These are chat archives for data-8/datascience

17th
Dec 2015
Chris Holdgraf
@choldgraf
Dec 17 2015 00:15
@cboettig that read_table error looks to be related to string encoding rather than something internal to Table. It looks like Table is actually calling Pandas under the hood.
It looks like all the args and *kwargs passed to read_table are in turn passed to the pandas read function
encoding : string, default None
    Encoding to use for UTF when reading/writing (ex. 'utf-8'). `List of Python
    standard encodings
    <https://docs.python.org/3/library/codecs.html#standard-encodings>`_
that's a kw argument in the pandas read_csv function...I wonder if you chose a different encoding if you could get past the error
so you'd do ds.read_table(my_file, encoding='magical_bugfree_encoding')
Carl Boettiger
@cboettig
Dec 17 2015 00:19
Hmm, wonder why it's not necessary to mess with that coming from the web version (and @deculler's examples in TableDemos also read from file without manually handling encoding..) Maybe those .csvs are funny somehow, but nothing obvious to me.
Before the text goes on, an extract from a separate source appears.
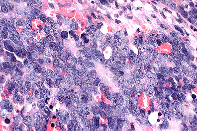 Gross Pathology: The globe was enlarged (0.5cm diameter) and protruded from the palpebral fissure. The eye was red-brown and solid. No extraocular structures appeared to be involved grossly. In one case (not the submitted case) a metastatic mass was detected in the subcutis of the neck.

Can you replicate the error I'm getting there?
Chris Holdgraf
@choldgraf
Dec 17 2015 00:24
hmm, lemme see what I can figure out
It looks like the file is encoded in latin-1 rather than utf-8
extinct = ds.Table.read_table("data/extinct.csv", encoding='latin-1')
Try that
it tells pandas to change how it parses the bytecode depending on the encoding you supply
Chris Holdgraf
@choldgraf
Dec 17 2015 00:29
when you read from a URL, there must be some intelligent stuff happening under the hood that infers this
I feel like these are the kind of problems that make people hate coding :P
Carl Boettiger
@cboettig
Dec 17 2015 00:29
ha, thanks! yeah, that works.
I suspect the html version is actually somehow getting converted to utf-8
Chris Holdgraf
@choldgraf
Dec 17 2015 00:30
yeah that could be
but in general if you get an error along these lines, it's often an encoding problem
Carl Boettiger
@cboettig
Dec 17 2015 00:32
wonder if I can do some operation on the file itself (e.g. outside of python) to fix the encoding of that file? Never quite had a good grasp of where encodings are set; I always thought they were more a property of assumptions made by the parser about the file than a filetype property....
Chris Holdgraf
@choldgraf
Dec 17 2015 00:32
well, in python I believe you can change the string encodings manually
though it's something that has generally confused me over the years
Carl Boettiger
@cboettig
Dec 17 2015 00:35
Right. I guess there must be a character somewhere in that csv file that is unique to latin-1, but I don't spot it
Carl Boettiger
@cboettig
Dec 17 2015 00:41
okay, well I can have vim rewrite the encoding... interesting to see the git diff to see what changes: dsten/ecology-connector@aed261b Makes the non-UTF8 characters obvious...
Chris Holdgraf
@choldgraf
Dec 17 2015 00:42
interesting
looks like this could be used to detect the character encodings: https://pypi.python.org/pypi/chardet
e.g.: df['Kingdom'].str.encode('utf-8')
so you could loop through your columns, and if it's a column of strings change the encoding to utf-8
then write back to disk
Carl Boettiger
@cboettig
Dec 17 2015 00:44
Cool. Though for the students I think it's best if I can give them utf-8 encoded data whenever possible; like you say, it's kind of the dark underbelly, I'm sure no one actually enjoys battling string encodings...
Chris Holdgraf
@choldgraf
Dec 17 2015 00:45
oh definitely
I meant just for you/me
Carl Boettiger
@cboettig
Dec 17 2015 00:45
right
Chris Holdgraf
@choldgraf
Dec 17 2015 00:47
blob
e.g. that seems to work properly
and if I write that dataframe to file, I can now read it back in like before
but w/o the extra 'encoding' flag
df = extinct.to_df()
for col, vals in df.iteritems():
    try:
        df.loc[:, col] = vals.str.encode('utf-8')      
    except:
        print(col)
df.to_csv('./test.csv')
ds.Table.read_table('./test.csv')
there's the code to do it